**Aim of the task**
After finding the line with "धुलिखेल, १ असारः" in the entries below, retype exactly each line from there through the line with "Il y a un lit, une", including that final line.

**Records for this task**
╔══
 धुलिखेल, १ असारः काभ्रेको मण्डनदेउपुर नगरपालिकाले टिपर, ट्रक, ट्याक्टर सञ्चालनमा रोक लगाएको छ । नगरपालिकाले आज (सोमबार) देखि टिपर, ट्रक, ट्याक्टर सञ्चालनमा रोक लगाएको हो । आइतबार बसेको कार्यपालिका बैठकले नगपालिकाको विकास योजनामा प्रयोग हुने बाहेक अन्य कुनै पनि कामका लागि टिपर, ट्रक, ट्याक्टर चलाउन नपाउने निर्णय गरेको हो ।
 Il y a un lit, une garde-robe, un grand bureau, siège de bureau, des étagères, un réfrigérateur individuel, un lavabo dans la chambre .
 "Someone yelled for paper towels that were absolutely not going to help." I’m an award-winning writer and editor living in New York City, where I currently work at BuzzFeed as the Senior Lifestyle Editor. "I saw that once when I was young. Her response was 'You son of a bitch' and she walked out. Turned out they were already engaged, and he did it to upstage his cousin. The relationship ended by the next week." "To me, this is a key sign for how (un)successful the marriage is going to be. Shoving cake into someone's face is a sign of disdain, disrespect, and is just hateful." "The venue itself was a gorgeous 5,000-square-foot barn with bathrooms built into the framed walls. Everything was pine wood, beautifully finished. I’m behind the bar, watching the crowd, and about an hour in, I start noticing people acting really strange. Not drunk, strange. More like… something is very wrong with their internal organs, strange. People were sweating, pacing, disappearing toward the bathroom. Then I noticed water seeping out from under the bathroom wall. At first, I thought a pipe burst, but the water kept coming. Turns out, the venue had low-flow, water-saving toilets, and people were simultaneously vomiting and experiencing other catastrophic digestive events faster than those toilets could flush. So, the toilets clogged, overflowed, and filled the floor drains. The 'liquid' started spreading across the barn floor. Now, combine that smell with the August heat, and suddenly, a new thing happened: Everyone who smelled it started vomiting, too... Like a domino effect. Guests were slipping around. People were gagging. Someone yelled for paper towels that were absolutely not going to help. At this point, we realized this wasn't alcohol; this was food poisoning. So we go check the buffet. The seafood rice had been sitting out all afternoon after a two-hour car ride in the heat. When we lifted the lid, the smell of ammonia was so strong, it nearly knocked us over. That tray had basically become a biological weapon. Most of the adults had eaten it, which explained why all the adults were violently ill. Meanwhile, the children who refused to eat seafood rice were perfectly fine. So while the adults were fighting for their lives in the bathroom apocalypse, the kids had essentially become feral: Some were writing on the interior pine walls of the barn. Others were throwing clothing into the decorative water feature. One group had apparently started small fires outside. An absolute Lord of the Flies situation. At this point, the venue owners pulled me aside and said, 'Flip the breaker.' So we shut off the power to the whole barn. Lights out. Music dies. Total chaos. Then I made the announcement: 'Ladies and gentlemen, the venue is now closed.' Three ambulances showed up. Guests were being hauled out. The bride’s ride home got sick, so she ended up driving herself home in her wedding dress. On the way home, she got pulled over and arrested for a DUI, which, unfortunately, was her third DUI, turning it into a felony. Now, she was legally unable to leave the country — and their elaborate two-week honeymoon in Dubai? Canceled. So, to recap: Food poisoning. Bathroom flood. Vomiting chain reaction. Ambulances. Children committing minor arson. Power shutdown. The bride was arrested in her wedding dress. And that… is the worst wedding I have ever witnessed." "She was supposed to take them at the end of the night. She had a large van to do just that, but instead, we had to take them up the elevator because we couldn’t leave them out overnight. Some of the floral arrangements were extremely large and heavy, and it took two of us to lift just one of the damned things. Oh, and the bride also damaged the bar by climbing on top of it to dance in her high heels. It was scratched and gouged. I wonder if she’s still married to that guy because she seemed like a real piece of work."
╚══
╔══
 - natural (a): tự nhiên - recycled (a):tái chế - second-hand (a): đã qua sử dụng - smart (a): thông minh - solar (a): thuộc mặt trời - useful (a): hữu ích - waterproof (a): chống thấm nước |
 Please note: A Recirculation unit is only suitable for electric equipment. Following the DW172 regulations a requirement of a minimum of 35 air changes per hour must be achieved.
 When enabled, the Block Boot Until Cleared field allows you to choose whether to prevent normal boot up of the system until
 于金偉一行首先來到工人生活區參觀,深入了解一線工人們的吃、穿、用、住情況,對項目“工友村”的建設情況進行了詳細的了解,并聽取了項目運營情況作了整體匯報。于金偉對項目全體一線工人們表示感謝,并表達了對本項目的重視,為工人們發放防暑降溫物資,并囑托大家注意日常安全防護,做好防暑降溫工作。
╚══
**Exercise response**
 धुलिखेल, १ असारः काभ्रेको मण्डनदेउपुर नगरपालिकाले टिपर, ट्रक, ट्याक्टर सञ्चालनमा रोक लगाएको छ । नगरपालिकाले आज (सोमबार) देखि टिपर, ट्रक, ट्याक्टर सञ्चालनमा रोक लगाएको हो । आइतबार बसेको कार्यपालिका बैठकले नगपालिकाको विकास योजनामा प्रयोग हुने बाहेक अन्य कुनै पनि कामका लागि टिपर, ट्रक, ट्याक्टर चलाउन नपाउने निर्णय गरेको हो ।
 Il y a un lit, une garde-robe, un grand bureau, siège de bureau, des étagères, un réfrigérateur individuel, un lavabo dans la chambre .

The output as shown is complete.